Your torch should be cleaned of loose crud before melting your gold. Run fine abrasive cloth over it until it's very clean, then wipe it down with a damp cloth to remove any traces of dust. Think clean every inch of the operation-----otherwise you undo all the hard work you've done getting your gold pure. 

Your other option is to operate a small gold cell, but you must have several ounces of pure gold for the electrolyte.. That is likely not a viable choice for you at this point in time. 

Harold

Classics never die. :wink:


----------



## jhize (May 7, 2008)

Wow.

Thank you both so much. Yes, it seems like alot. But, anything worth doing is worth doing right. 

FYI. I'm not presently considering starting a refining service. I am starting off with this as a hobby and the intent of learning only. I am currently pursuing a BS in chemical engineering (still taking prereqs). 

I'm having difficulty determining how much material (fingers only) would be needed to produce an ounce of gold. Is the powder weight the same as post-melting weight?

Once I have that approximation, I'm curious to see how the cost per pound (of fingers) compares to the market price.

Thanks again.


----------



## Rag and Bone (May 7, 2008)

Fingers run from ~1-3g per pound. You don't lose gold when you melt it. If you are refering to the ebay market price, you will be hard pressed to make any money.


----------



## Harold_V (May 7, 2008)

jhize said:


> FYI. I'm not presently considering starting a refining service.


I understood that when I posted my message. 

Ralph copied from a previous post I had made some time ago, not long after the forum was founded. My reply was in response to an individual that WAS starting a refining service, thus the confusion. 

Having refined for industry for more than 20 years, I was driven to provide instructions that served me exceedingly well, in the hopes that he could avoid some of the negative aspects of trying to master an art that, up to now, has been kept secret from all but a select few. 
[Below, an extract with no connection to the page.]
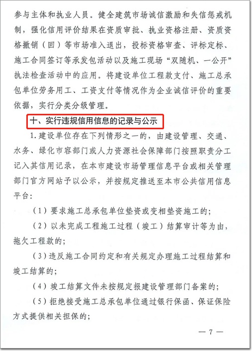 6、實(shí)施施工過程結(jié)算的工程,建設(shè)單位未按合同約定及本辦法規(guī)定支付施工過程結(jié)算款的,作為不良行為記入建筑市場信用檔案,在“湖北省建筑市場監(jiān)督與誠信一體化平臺(tái)”予以公布,公布時(shí)限按有關(guān)規(guī)定執(zhí)行。
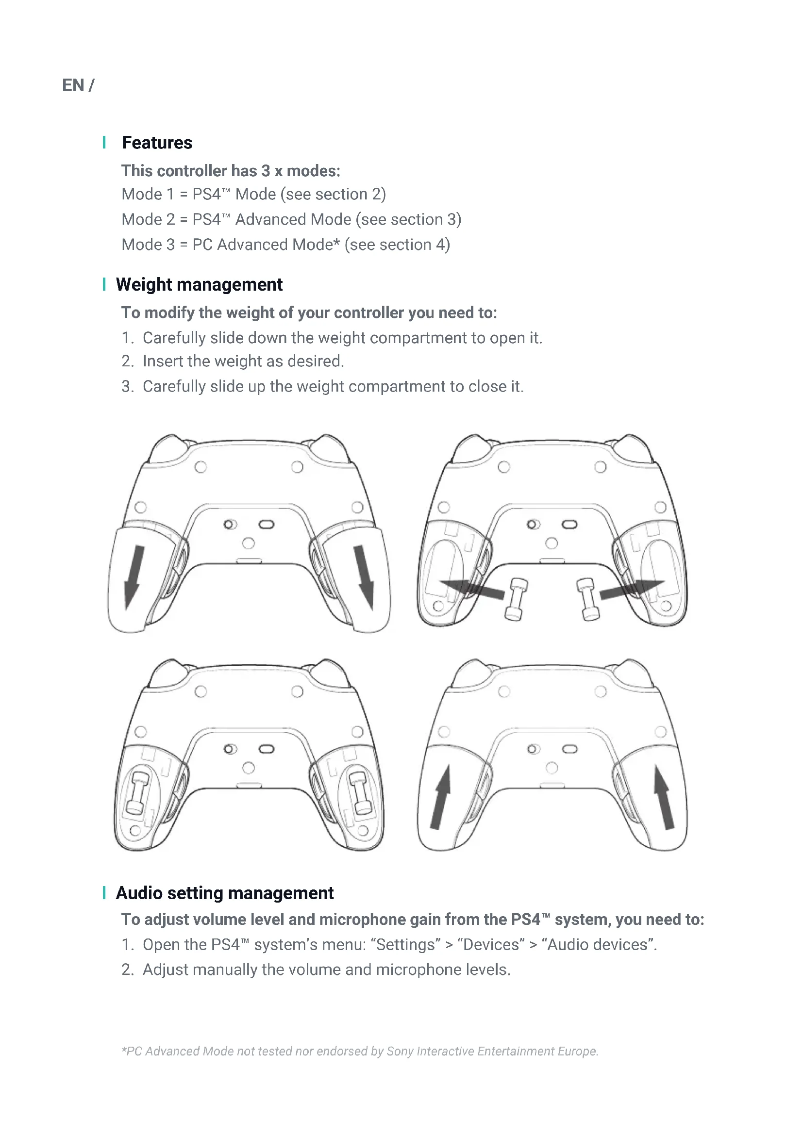 20/ Profile selection buttonEN / I Features This controller has 3 x modes: Mode 1 = PS4™ Mode (see section 2) Mode 2 = PS4™ Advanced Mode (see section 3) Mode 3 = PC Advanced Mode* (see section 4) I Weight management To modify the weight of your controller you need to:

Ralph didn't make it as clear as he might, but has provided a needed service for you. I had failed to link my comments to the proper instructions, having answered your post in haste. 

Regardless of your purpose, you'll find the instructions will lead you to a high level of purity, which is not as easily accomplished as some might suspect. 



> I'm having difficulty determining how much material (fingers only) would be needed to produce an ounce of gold. Is the powder weight the same as post-melting weight?



Considering I avoided running e scrap in my business, I'll leave the answer to the volume of fingers that are required for an ounce for those with experience to reply. As far as the weight of the gold powder as opposed to it's melted weight, you can expect a miniscule loss in melting. The gold tends to be somewhat reactive, and often sparks, tossing minute particles of gold out of the dish. I had a practice of melting my powder in a melting tray, one that caught the tiny balls of gold. 

If you do your melting in a confined area, a simple cleanup afterwards will recover the bulk of losses, which are relatively small in the scheme of things. 

If your gold is not pure, and it gets well oxidized in the process of melting, you can safely assume that the borax that is present will absorb some of the oxides. The losses will be small, once again, but there are losses. I would expect well under 1%, but never did a study. 

Don't make the mistake of weighing your gold powder if it has not been force dried by considerable heat. You'll come to understand that it holds a reasonable amount of acid once air dried, in spite of having been well washed. Only by heating well above the boiling point of water will the gold be dried totally. You can do that by drying the gold in the beaker, after it has been washed. Do so carefully, with the lowest possible flame on our hotplate, for the wet gold often forms steam pockets and will pop gold out of the beaker. Swirl the beaker on a regular basis until you see all free water has been evaporated. Once that has occurred, you can raise the temperature of the previously low flame, to heat the gold quickly. Keep swirling occasionally, to insure that the traces of minerals that are in the water do not cake the gold to the beaker. The traces of contaminants should not enter the gold when it is melted, instead being absorbed by the flux cover in the dish. My experience indicates they are not a problem, but my water also contained no iron or manganese. 

How about a report on your first venture? Pictures would be welcome. 

Luck!

Harold


----------



## jhize (May 7, 2008)

Harold,

You advice and experience is priceless. I will keep you informed of my progress. This forum is awesome. 

I'm going to attempt to consolidate all the info I have gathered for the AP process into a "recipe" format. I think this will help me along. I've found that some small steps (like the drying process above) are left ou of some of the videos and posts I've seen.

I'm pretty sure lazersteve has this covered in his DVDs but I haven't ordered them yet.

Thanks again !


----------



## Anonymous (May 7, 2008)

For precipitating gold from AuCl3, can you use magnesium in a single replacement reaction? If it worked, the only drawback I can see is if some Mg didn't dissolve & was mixed with the gold, but washing with HCl & filtering would remove any excess Mg.


----------